_WHAT YOU ARE ASKED TO DO_: Give the entries below again, word for word, and leave out the images.

** DATA FOR REVIEW follows **

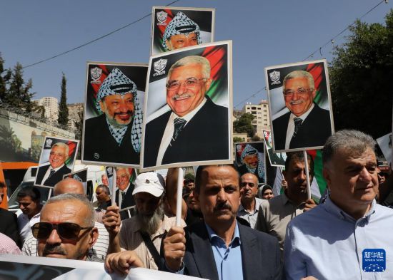 9月23日,在约旦河西岸城市纳布卢斯,民众挥舞巴勒斯坦领导人阿拉法特和阿巴斯画像参加庆祝活动。新华社发(尼达尔·艾仕塔耶摄)
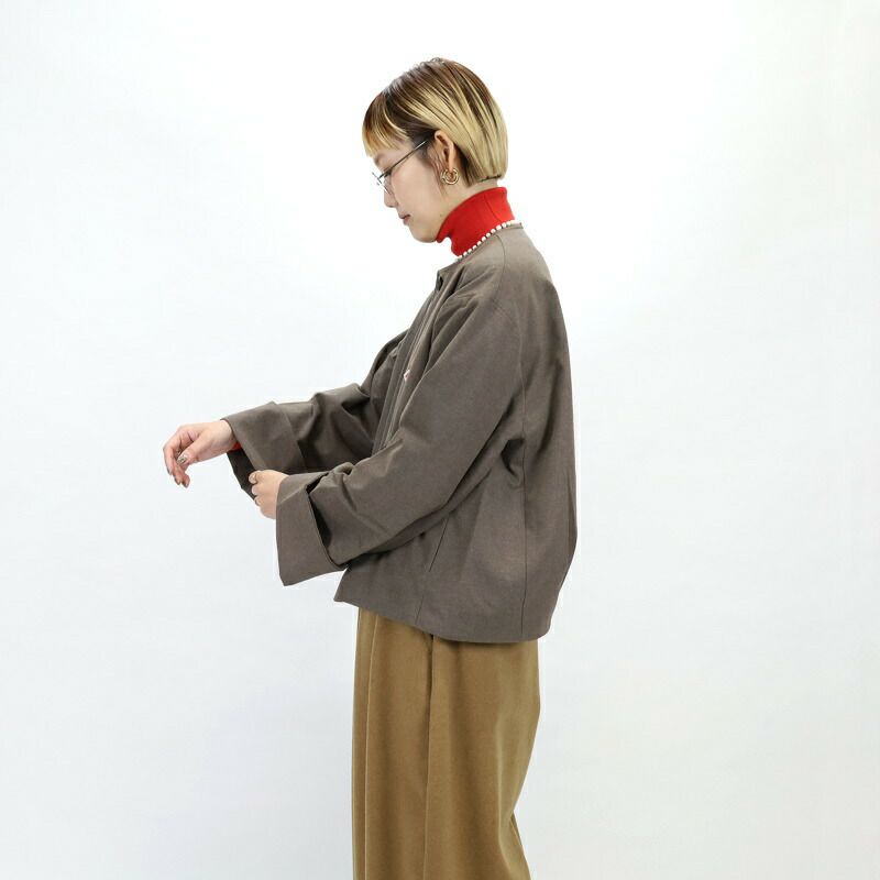 ワイドな身幅が特徴のショート丈カラーレスジャケットのご紹介です。
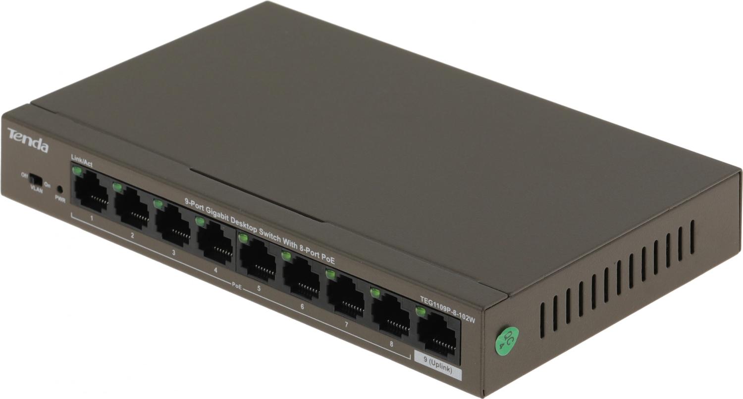 Коммутатор Tenda TEG1109P-8-102W (L2) 9x1Гбит / с 8PoE 92W неуправляемый
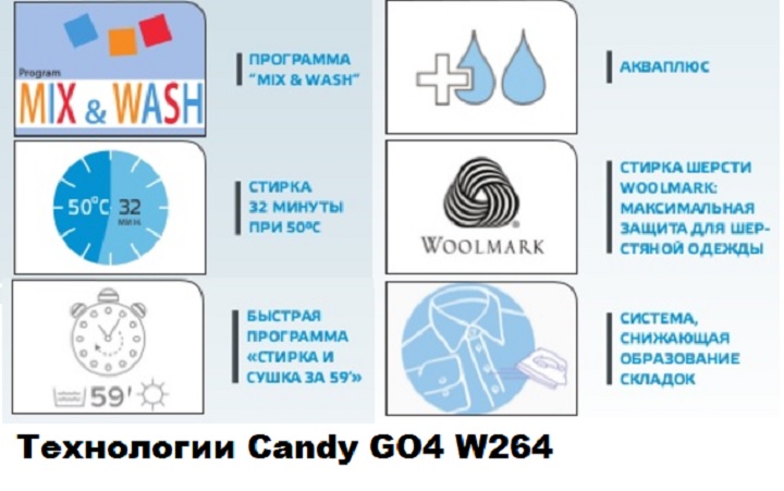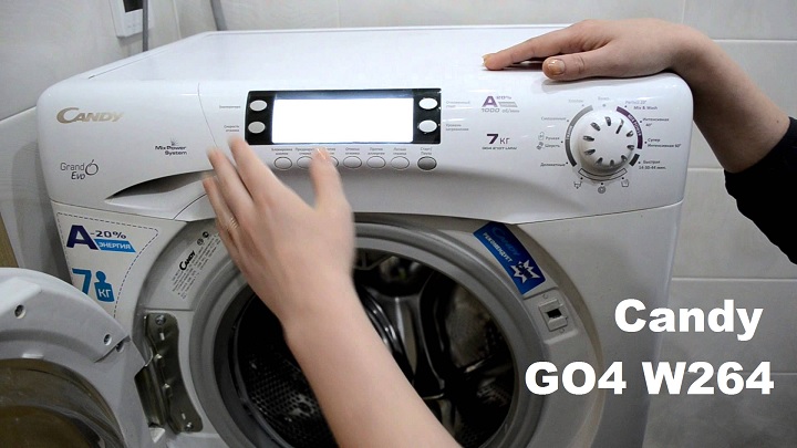 Candy GO4 W264 It's designed in an "outdoor" style. It's initially a bit garish, but you'll get used to it over time; some might even like it. This model is quite inexpensive compared to the previous models reviewed above. However, the price won't significantly affect the machine's capabilities; it will still provide high-quality washing and drying.
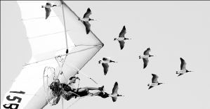 ESCUADRON DE GANSOS  El piloto francés Christian Moullec vuela con un grupo de gansos en la típica formación V, en un show aéreo en Dittinge, Suiza. El también ambientalista cría a esta especie de gansos -en peligro de extinción- en Suecia, y los ha entrenado para que crean que su aeroplano ultraligero es el líder del escuadrón FOTO REUTERS
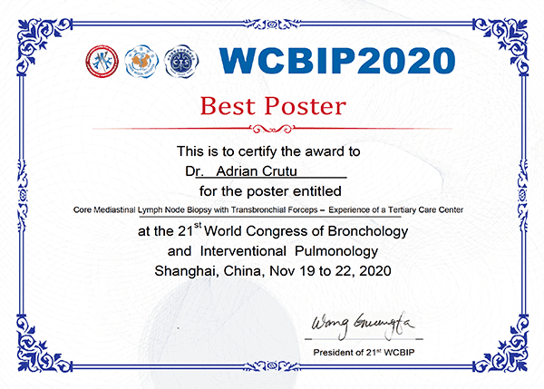 Décidément la WABIP honore le GELF de façon répétée. Après le Wabib-Dumon award du Dr Dutau, voici le prix du meilleur poster présenté au congrès WCBIP de Shangaî en Novembre 2020 décerné à notre collègue le Dr Adrian Crutu, membre très actif du GELF . Adrian Crutu travaille à l’hôpital Marie Lannelongue.
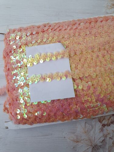 Peach AB elasticated stretch sequin trim. Perfect for costumes. 15mm wide Perfect for adding a touch of glamour and fun to any costume, this Peach AB Elasticated Stretch Sequin trim is an ideal choice for an unforgettable look!.

** End of DATA FOR REVIEW **

_ANSWER SPACE_:
 9月23日,在约旦河西岸城市纳布卢斯,民众挥舞巴勒斯坦领导人阿拉法特和阿巴斯画像参加庆祝活动。新华社发(尼达尔·艾仕塔耶摄)
 ワイドな身幅が特徴のショート丈カラーレスジャケットのご紹介です。
 Коммутатор Tenda TEG1109P-8-102W (L2) 9x1Гбит / с 8PoE 92W неуправляемый
 Candy GO4 W264 It's designed in an "outdoor" style. It's initially a bit garish, but you'll get used to it over time; some might even like it. This model is quite inexpensive compared to the previous models reviewed above. However, the price won't significantly affect the machine's capabilities; it will still provide high-quality washing and drying.
 ESCUADRON DE GANSOS  El piloto francés Christian Moullec vuela con un grupo de gansos en la típica formación V, en un show aéreo en Dittinge, Suiza. El también ambientalista cría a esta especie de gansos -en peligro de extinción- en Suecia, y los ha entrenado para que crean que su aeroplano ultraligero es el líder del escuadrón FOTO REUTERS
 Décidément la WABIP honore le GELF de façon répétée. Après le Wabib-Dumon award du Dr Dutau, voici le prix du meilleur poster présenté au congrès WCBIP de Shangaî en Novembre 2020 décerné à notre collègue le Dr Adrian Crutu, membre très actif du GELF . Adrian Crutu travaille à l’hôpital Marie Lannelongue.
 Peach AB elasticated stretch sequin trim. Perfect for costumes. 15mm wide Perfect for adding a touch of glamour and fun to any costume, this Peach AB Elasticated Stretch Sequin trim is an ideal choice for an unforgettable look!.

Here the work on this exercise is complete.